◆ **Your goal**: After finding the line with "ウコンも紅葉 これだけ葉っぱが黄色くなったら、そろそろ堀りどき |" in the entries below, retype exactly each line from there through the line with "Plus Size Bicolor", including that final line.

◆ **Records shown**:
-- Opening Marker --

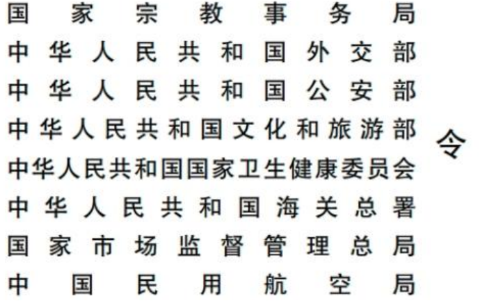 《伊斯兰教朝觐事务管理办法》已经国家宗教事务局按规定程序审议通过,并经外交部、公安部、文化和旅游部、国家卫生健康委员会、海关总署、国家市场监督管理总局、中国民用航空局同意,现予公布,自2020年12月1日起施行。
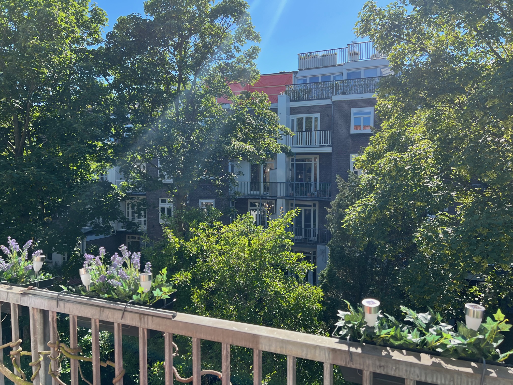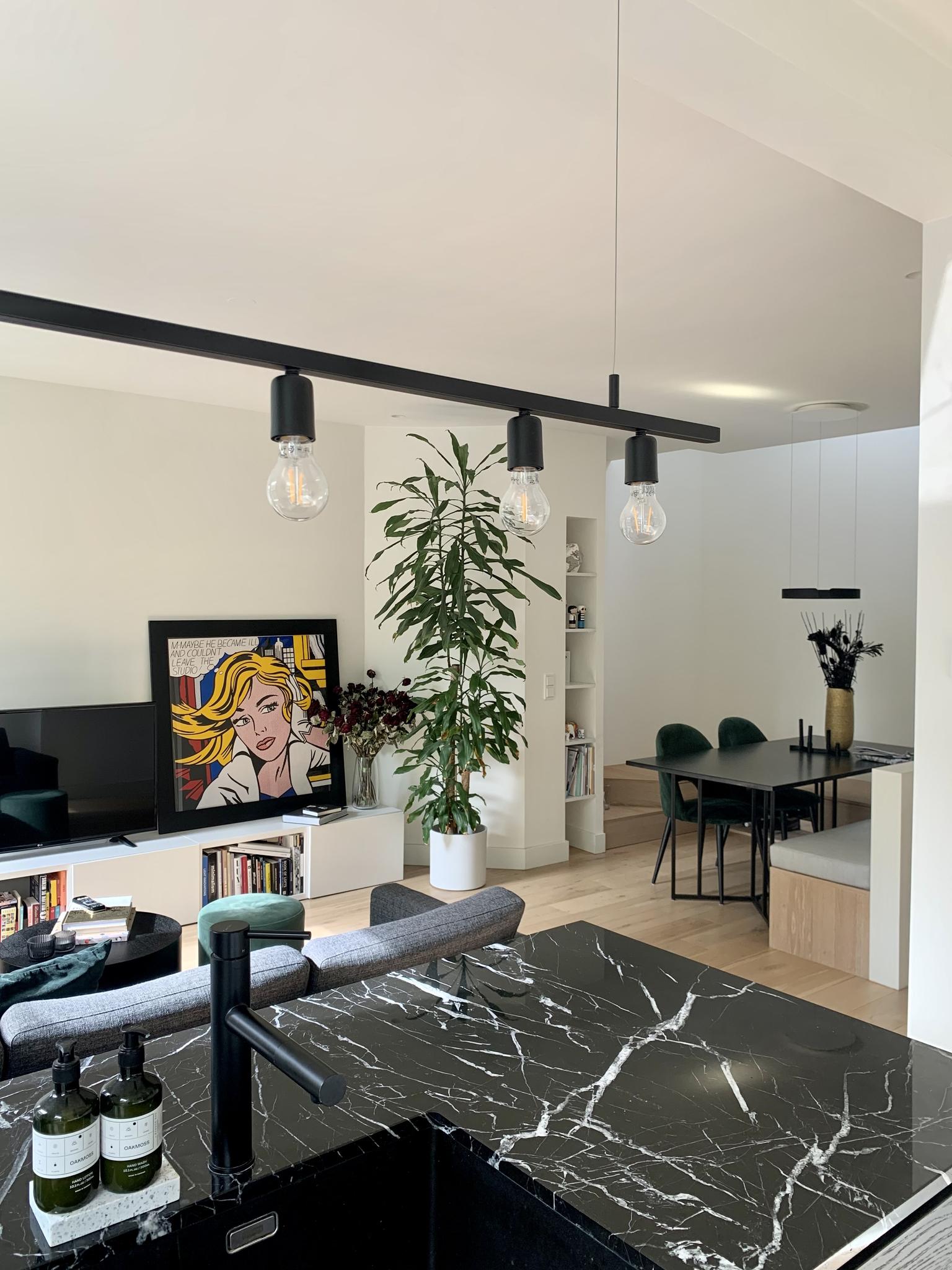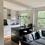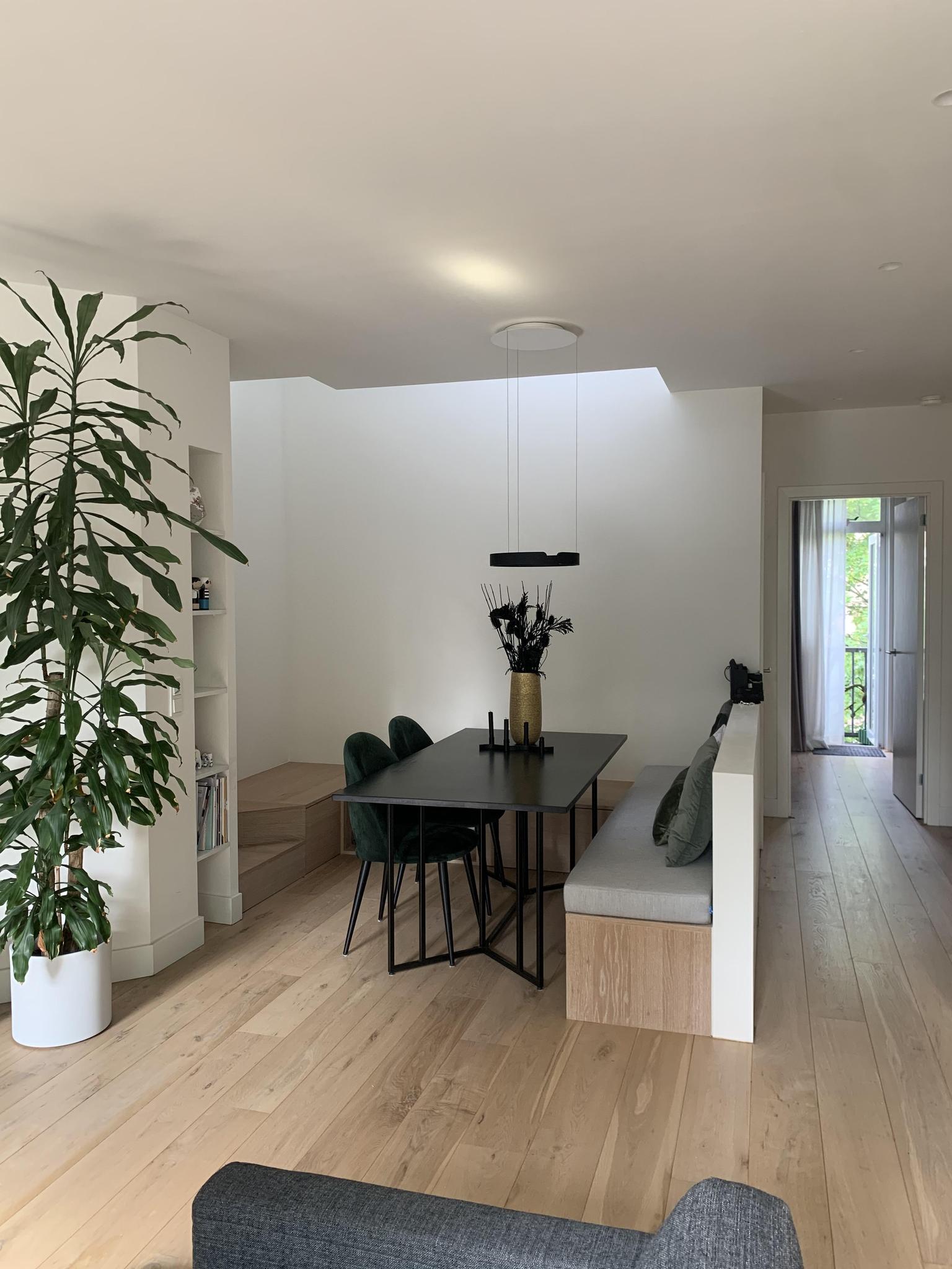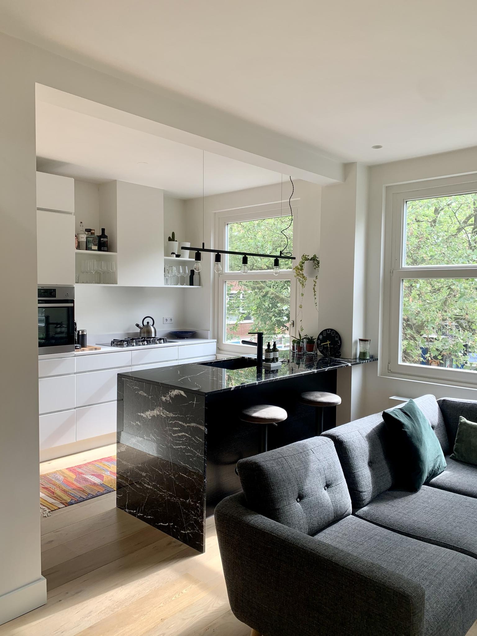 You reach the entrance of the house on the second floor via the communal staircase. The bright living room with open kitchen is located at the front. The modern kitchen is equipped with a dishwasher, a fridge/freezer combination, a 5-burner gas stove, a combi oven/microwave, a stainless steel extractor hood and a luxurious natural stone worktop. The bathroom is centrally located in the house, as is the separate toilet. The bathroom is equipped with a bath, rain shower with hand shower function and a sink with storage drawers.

-- Closing Marker --
-- Opening Marker --

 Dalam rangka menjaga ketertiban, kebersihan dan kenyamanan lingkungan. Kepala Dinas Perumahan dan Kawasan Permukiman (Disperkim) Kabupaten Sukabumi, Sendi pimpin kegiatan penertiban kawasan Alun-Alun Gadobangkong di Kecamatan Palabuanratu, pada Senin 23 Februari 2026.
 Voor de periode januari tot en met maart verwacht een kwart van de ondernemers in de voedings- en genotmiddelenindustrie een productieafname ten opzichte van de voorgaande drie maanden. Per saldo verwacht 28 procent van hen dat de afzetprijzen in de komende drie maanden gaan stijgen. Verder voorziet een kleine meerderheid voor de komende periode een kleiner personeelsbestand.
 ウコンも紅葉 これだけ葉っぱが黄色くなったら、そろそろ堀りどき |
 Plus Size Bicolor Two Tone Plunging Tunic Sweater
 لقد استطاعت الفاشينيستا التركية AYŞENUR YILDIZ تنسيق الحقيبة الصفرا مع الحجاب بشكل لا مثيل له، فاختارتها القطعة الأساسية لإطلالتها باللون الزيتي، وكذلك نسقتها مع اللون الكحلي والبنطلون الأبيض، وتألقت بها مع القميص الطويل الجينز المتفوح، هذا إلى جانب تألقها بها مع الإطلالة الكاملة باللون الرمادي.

-- Closing Marker --

◆ **Exercise output**:
 ウコンも紅葉 これだけ葉っぱが黄色くなったら、そろそろ堀りどき |
 Plus Size Bicolor Two Tone Plunging Tunic Sweater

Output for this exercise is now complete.